** Opening STORED DATA block **

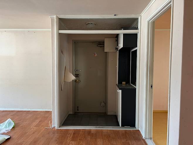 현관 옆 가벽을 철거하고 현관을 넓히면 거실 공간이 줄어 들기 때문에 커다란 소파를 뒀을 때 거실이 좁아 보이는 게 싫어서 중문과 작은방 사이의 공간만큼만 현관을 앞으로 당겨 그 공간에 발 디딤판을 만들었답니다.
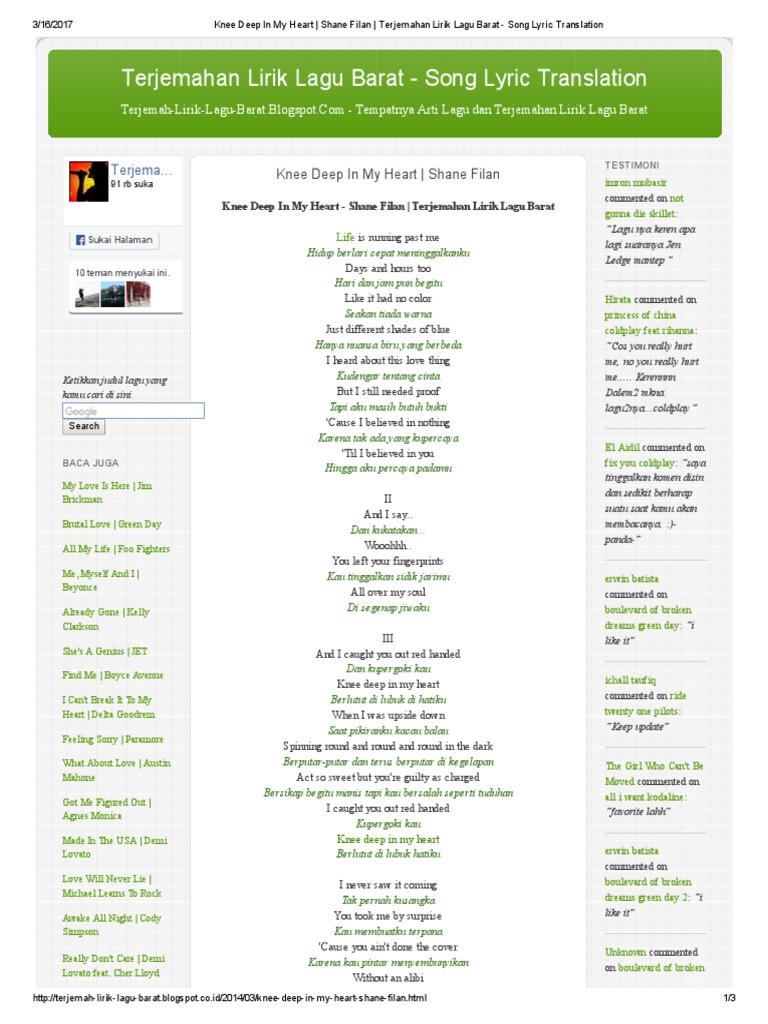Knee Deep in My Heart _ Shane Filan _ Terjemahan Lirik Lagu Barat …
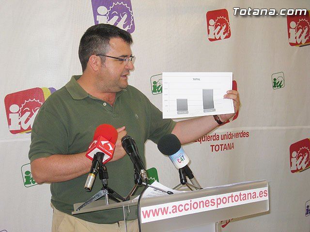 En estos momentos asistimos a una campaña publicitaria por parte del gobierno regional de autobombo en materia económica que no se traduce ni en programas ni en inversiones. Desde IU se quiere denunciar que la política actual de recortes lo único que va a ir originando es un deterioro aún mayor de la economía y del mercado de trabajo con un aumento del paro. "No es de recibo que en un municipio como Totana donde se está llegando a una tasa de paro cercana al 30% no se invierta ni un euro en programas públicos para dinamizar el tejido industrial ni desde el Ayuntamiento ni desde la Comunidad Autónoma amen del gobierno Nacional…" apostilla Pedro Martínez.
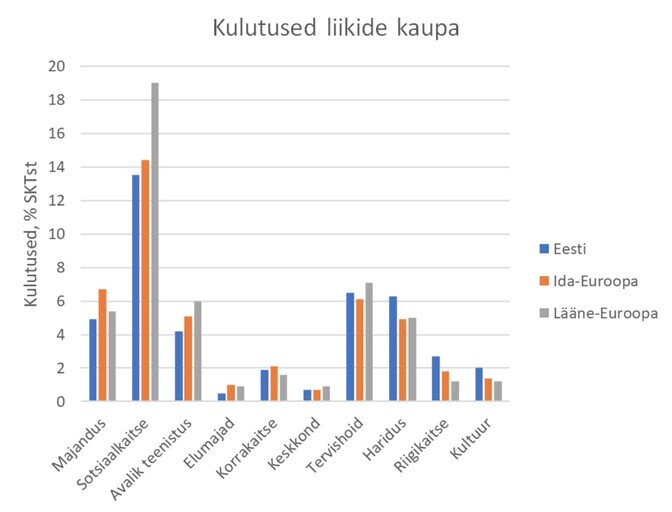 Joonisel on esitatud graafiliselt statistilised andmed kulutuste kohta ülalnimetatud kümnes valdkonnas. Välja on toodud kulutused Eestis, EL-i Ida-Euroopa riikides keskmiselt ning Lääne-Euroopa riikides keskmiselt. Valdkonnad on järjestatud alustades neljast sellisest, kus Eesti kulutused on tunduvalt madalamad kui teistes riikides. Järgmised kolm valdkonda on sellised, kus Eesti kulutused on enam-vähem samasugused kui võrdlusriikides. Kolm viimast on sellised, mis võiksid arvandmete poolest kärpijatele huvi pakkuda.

** Closing STORED DATA block **

* [EXERCISE DESCRIPTION]: With images omitted, output the data exactly as given.

* [WRITTEN RESPONSE]:
 현관 옆 가벽을 철거하고 현관을 넓히면 거실 공간이 줄어 들기 때문에 커다란 소파를 뒀을 때 거실이 좁아 보이는 게 싫어서 중문과 작은방 사이의 공간만큼만 현관을 앞으로 당겨 그 공간에 발 디딤판을 만들었답니다.
Knee Deep in My Heart _ Shane Filan _ Terjemahan Lirik Lagu Barat …
 En estos momentos asistimos a una campaña publicitaria por parte del gobierno regional de autobombo en materia económica que no se traduce ni en programas ni en inversiones. Desde IU se quiere denunciar que la política actual de recortes lo único que va a ir originando es un deterioro aún mayor de la economía y del mercado de trabajo con un aumento del paro. "No es de recibo que en un municipio como Totana donde se está llegando a una tasa de paro cercana al 30% no se invierta ni un euro en programas públicos para dinamizar el tejido industrial ni desde el Ayuntamiento ni desde la Comunidad Autónoma amen del gobierno Nacional…" apostilla Pedro Martínez.
 Joonisel on esitatud graafiliselt statistilised andmed kulutuste kohta ülalnimetatud kümnes valdkonnas. Välja on toodud kulutused Eestis, EL-i Ida-Euroopa riikides keskmiselt ning Lääne-Euroopa riikides keskmiselt. Valdkonnad on järjestatud alustades neljast sellisest, kus Eesti kulutused on tunduvalt madalamad kui teistes riikides. Järgmised kolm valdkonda on sellised, kus Eesti kulutused on enam-vähem samasugused kui võrdlusriikides. Kolm viimast on sellised, mis võiksid arvandmete poolest kärpijatele huvi pakkuda.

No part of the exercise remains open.